The general distribution of prominences, including both genera, follows
that of faculae much more closely than that of spots. From Father
Secchi's and Professor Respighi's observations, 1869-71, were derived
the first clear ideas on the subject, which have been supplemented and
modified by the later researches of Professors Tacchini and Ricco at
Rome and Palermo. The results are somewhat complicated, but may be
stated broadly as follows. The district of greatest prominence-frequency
covers and overlaps by several degrees that of the greatest
spot-frequency. That is to say, it extends to about 40 deg. north and
south of the equator.[617] There is a visible tendency to a second pair
of maxima nearer the poles. The poles themselves, as well as the equator,
are regions of minimum occurrence. Distribution in time is governed by
the spot-cycle, but the maximum lasts longer for prominences than for
spots.
The structure of the chromosphere was investigated in 1869 and
subsequent years by Professor Respighi, director of the Capitoline
Observatory, as well as by Spoerer, and Bredikhine of the Moscow
Observatory.

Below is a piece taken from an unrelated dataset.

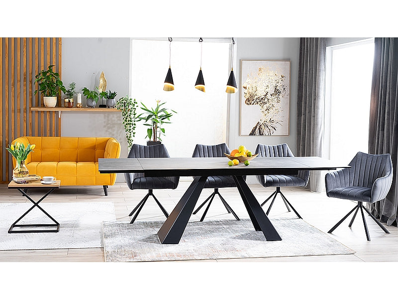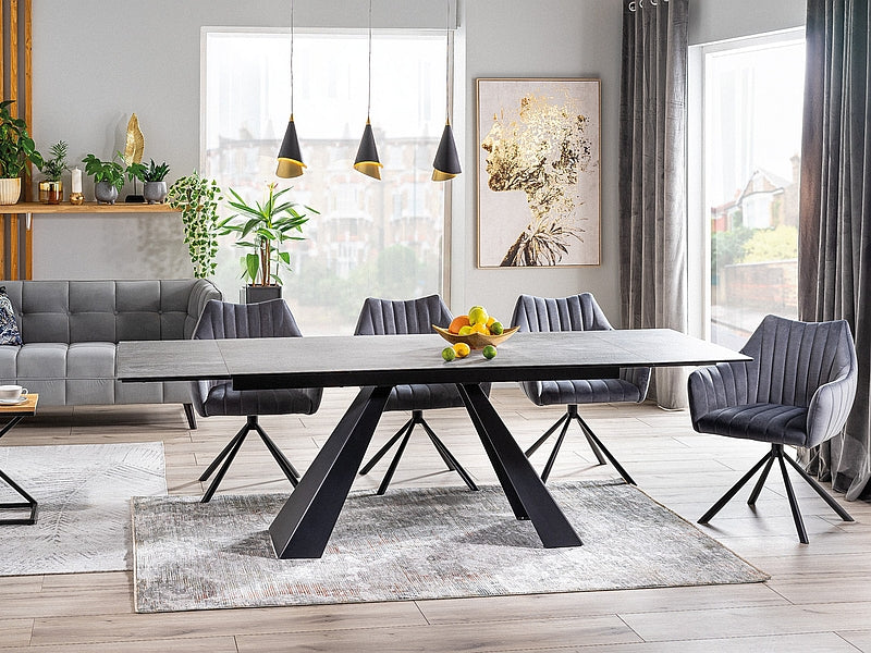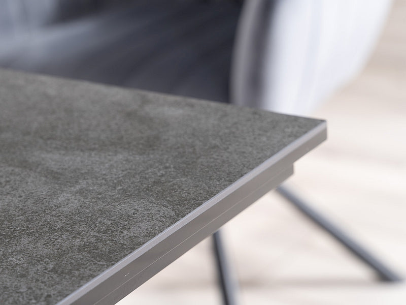 Farbe: Der Esstisch Salvadore mit italienischer Keramik 180 ist in einer Elegancen Kombination aus Grau und Mattschwarz gehalten, die ihm eine zeitlose und stilvolle Ausstrahlung verleiht.

They found this supposed solar envelope to be of the same
eruptive nature as the vast protrusions from it, and to be made up of a
congeries of minute flames[618] set close together like blades of grass.
"The appearance," Professor Young writes,[619] "which probably indicates
a fact, is as if countless jets of heated gas were issuing through vents
and spiracles over the whole surface, thus clothing it with flame which
heaves and tosses like the blaze of a conflagration."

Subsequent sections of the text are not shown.